The period during which Howard and Jeanette worked, lived and breathed photojournalism was a remarkable era in the profession. They experienced its golden age, when assignments from Life, Time, Newsweek, Look and others were a reliable and sustainable source of income. They were also there for its decline in the late Eighties and early Nineties, and even got to see some of the possibilities of its renaissance through digital technology. Howard became an enthusiastic, although inept, user of computers and the Internet. He was not so much a Digital Tourist as a Digital Alien, but he enjoyed his forays into cyberspace. Towards the end of her life Jeanette and I communicated by e-mail more than through any other form of contact. They remained, however, characteristically of their generation. They looked like any other conventional Jewish married couple, but inhabited the world of photojournalists with aplomb. Nothing seemed to faze them, whether it was Donna Ferrato at one memorable dinner asking Jeanette whether she was mono or multiple orgasmic, or Howard getting back from his editor the finished manuscript of his book Truth Needs No Ally with the note "Voi-fucking-la." They were, in fact, ordinary people who were larger than life.

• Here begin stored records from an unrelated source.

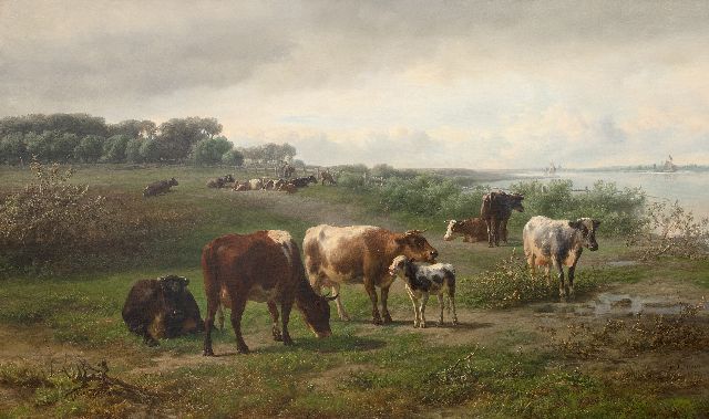 Jan Bedijs Tom | Koeien langs een rivier, mogelijk de Rijn in Gelderland, olieverf op doek, 72,3 x 122,5 cm, gesigneerd r.o. en gedateerd 1874
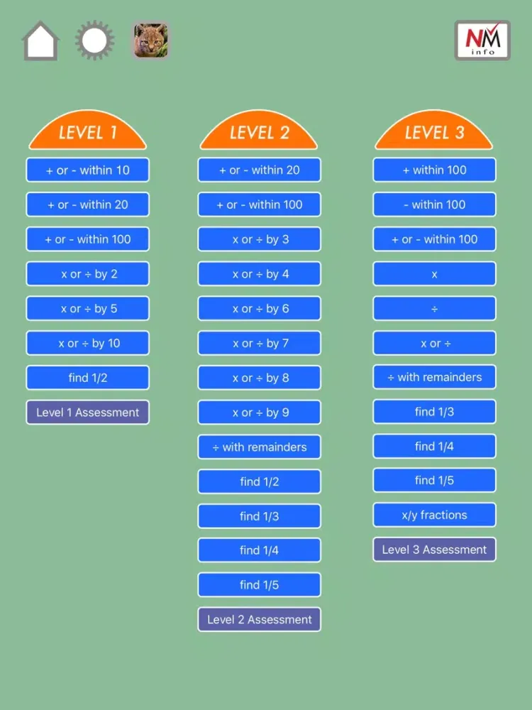 The App is carefully designed to asses and build skills for the beginner right up to the most advanced student. Because the Numeracy Map is so visual, we have created a view mode where you simply watch answers being arrived at on the map. Then we have practice mode where the user works alongside the map.
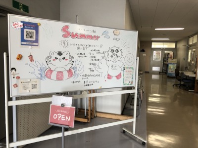 階段を上がると見えてくるホワイトボードには、夏らしいポップなイラストが!
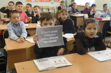 Учащиеся 5б класса кл. руководитель Залялова И.И. провели классный час в 1б классе на тему «Доброта спасет мир».
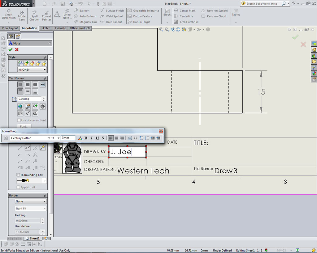 15. Fill-in Information: When clicking in a location to make a note to type some text, note the long formating box that pops up with all the options you have. Most of this information should have been filled in with the exception of the sheet scale. If not check your model custom information that was done when creating the model earlier
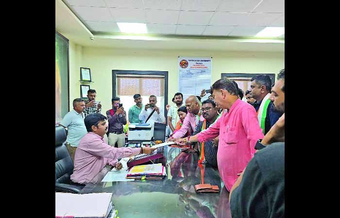 ગુજરાત પ્રદેશ કોંગ્રેસ સમિતિના જનરલ સેક્રેટરી મહેશ રાજપૂતે કુલપતિ ડૉ. ઉત્પલ જોશીને આયનો દર્શાવ્યો
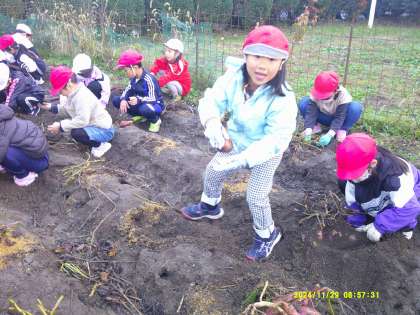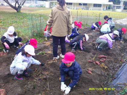 11月29日(金)学校で育てていたサツマイモを掘りました。軍手をはめて手作業でイモを掘ります。水やりなどの世話をしてきたので、いもほりを楽しみにしていました。たくさんの収穫に皆にっこにこでした。
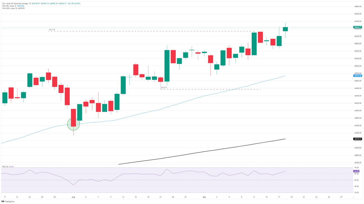 The Dow Jones clipped into the 46,200 level after a volatile start to Thursday’s trading session. The major equity index has climbed into fresh record bids following a near-term spat of congestion, but it is now up nearly eight-tenths of one percent for the week. The Dow Jones is also in the green by one-and-a-half percent for September, and on pace for a fifth straight bullish monthly close.
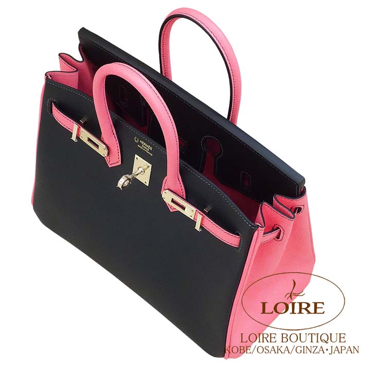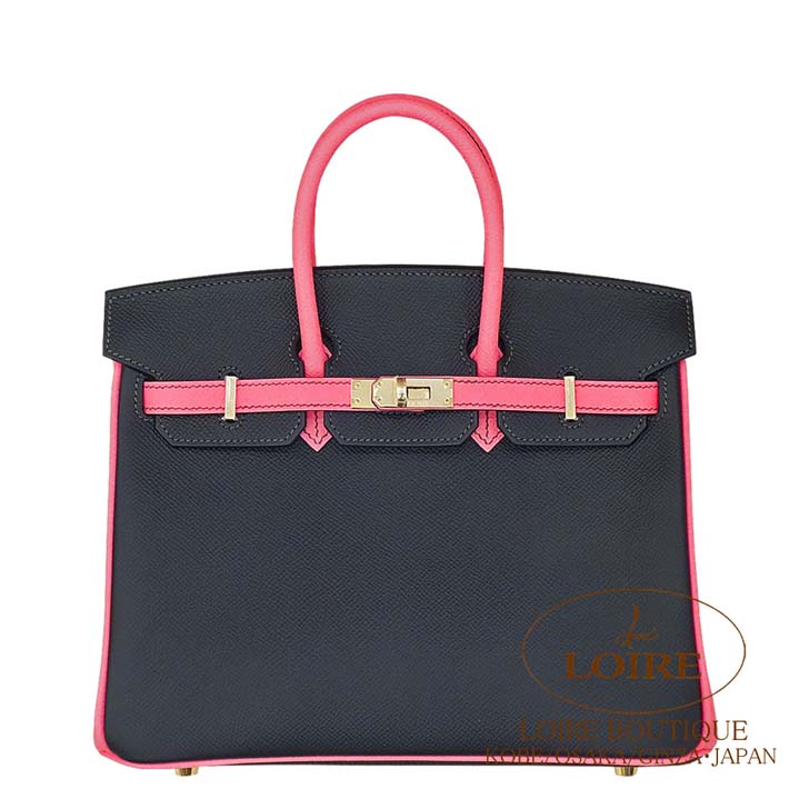 エルメス HERMES バーキン 25cm [Birkin 25cm] パーソナルオーダー エプソン クロ×ローズアザレ[NOIR(89)/ROSE AZALLE(8W)] (グラファイトステッチ) シャンパンゴールド金具

Tom Brokaw termed their generation The Greatest Generation for its sacrifice and courage during the Second World War, and in the world of photography it was a group that produced some colossal figures, most of whom are now gone. The remarkable John Morris, like the Ever-Ready Bunny, keeps going and going in Paris; Cornell Capa silently suffers the ravages of Parkinson's disease in New York; the irrepressible Goksin talks about starting a new agency at the age of 80 after selling Sipa a few years ago. One of my favorite Goksin stories was from the time when Corbis were actively courting him to sell to them. When he decided against it he was asked why he hadn't taken what would have been an attractive offer. His dismissive reply was that he would never do business with people who ate sandwiches for lunch. No wonder they gave him the Legion d'Honneur this year.

Unfortunately many of us eat sandwiches for lunch nowadays, both literally and metaphorically. It is a different time, lived at a different pace and with different priorities, and in celebrating the achievements of the past we should not overlook those of the present. But neither should we forget that the ideals that Howard and Jeanette held dear, those fundamental truths of humanity, compassion, and justice upon which they based their lives and their careers are the same credos that must carry forward into the new world, for without them the technology that can reinvigorate this profession is just meaningless code.

At her request, and completely in character, there will be no memorial service for Jeanette, except for those of you who take your cameras out of the bag tomorrow and shine light in dark places.